In PHP, I'm matching the text here http://siba.thenetworksolution.it/allegati/H3018500D7FDDE9ACA05671F49F4F3746A69DAF96.1329514.pdf.txt with the following regex:
preg_match('#(.*(?s))(particella |particelle |p\.|part\.|p |part |mappale |mapp\.|mapp |n\.|\*)\s*(\d+[\d /\p{Pd}]*)($|.{0,20}(?s)(graffati|particella |particelle |p\.|.*part\.|p |part |mappale |mapp\.|mapp |n\.|subalterno |subalterni |sub\.|s\.|sub |s |\bcat\b|\bcategoria\b|\brendita\b|\bvani\b|\bconsistenza\b|\bR\.C\.\b))#i', $txt, $matches, PREG_OFFSET_CAPTURE, $offset)
with offset = 1155
(that is the offset of the word "foglio" in the text).

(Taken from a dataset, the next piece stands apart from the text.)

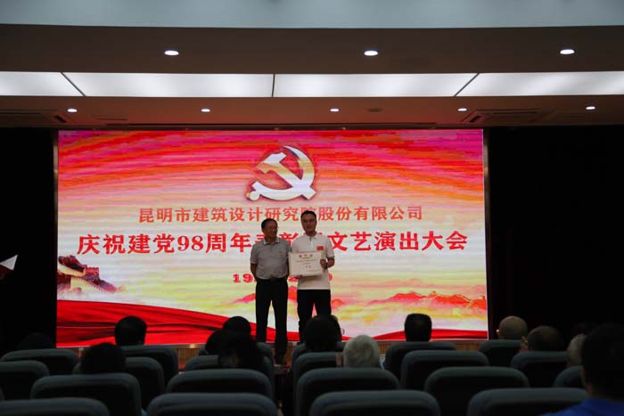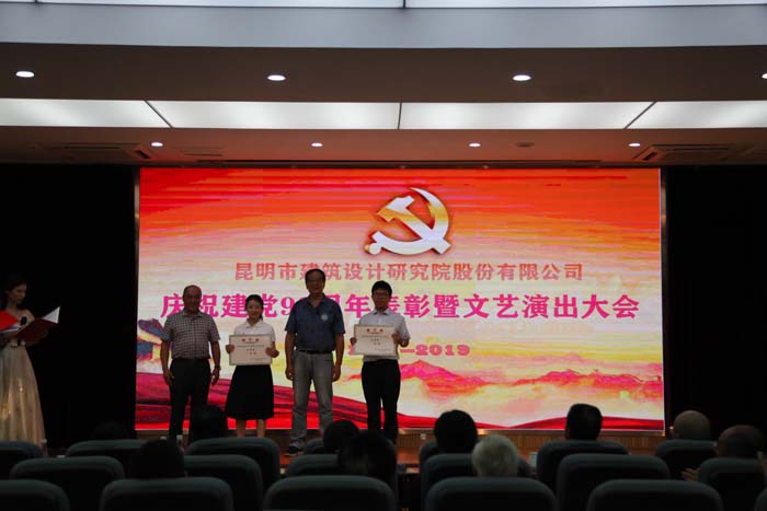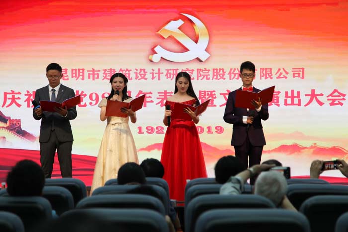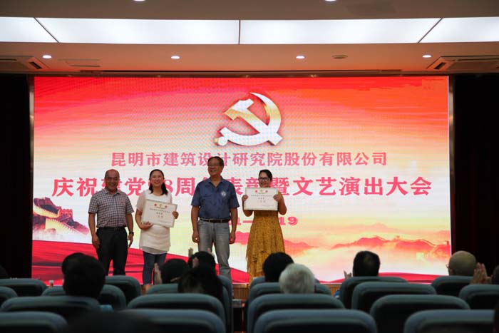 董事長講話之后,大會對2018年度先進(jìn)黨支部、優(yōu)秀共產(chǎn)黨員進(jìn)行了表彰并進(jìn)行頒獎。儀式后,各部門紛紛獻(xiàn)上精心準(zhǔn)備的文藝節(jié)目,大家引吭高歌,將發(fā)自內(nèi)心的頌歌獻(xiàn)給祖國,獻(xiàn)給人民,獻(xiàn)給黨。重慶大學(xué)云南校友會、大理市規(guī)劃設(shè)計研究院、著名朗誦藝術(shù)表演者丁進(jìn)老師也來到了我們身邊,為黨的生日獻(xiàn)上精彩節(jié)目。同時,云南省招投標(biāo)管理辦公室、云南省建設(shè)工程招投標(biāo)行業(yè)協(xié)會的領(lǐng)導(dǎo)嘉賓也參與了觀禮。下午六時,大會在雄壯的《國際歌》歌聲中圓滿落下帷幕。

I expected them to match the 454
(that is just after the offset) but it matches 57/1998
instead (that is many rows after).
After some tests on regex101.com I discovered the issue is the carriage return between the prefix particella
and 454
, but I expected the \s
to match line feeds.
How I can correct the greediness so the regex will match the 454
?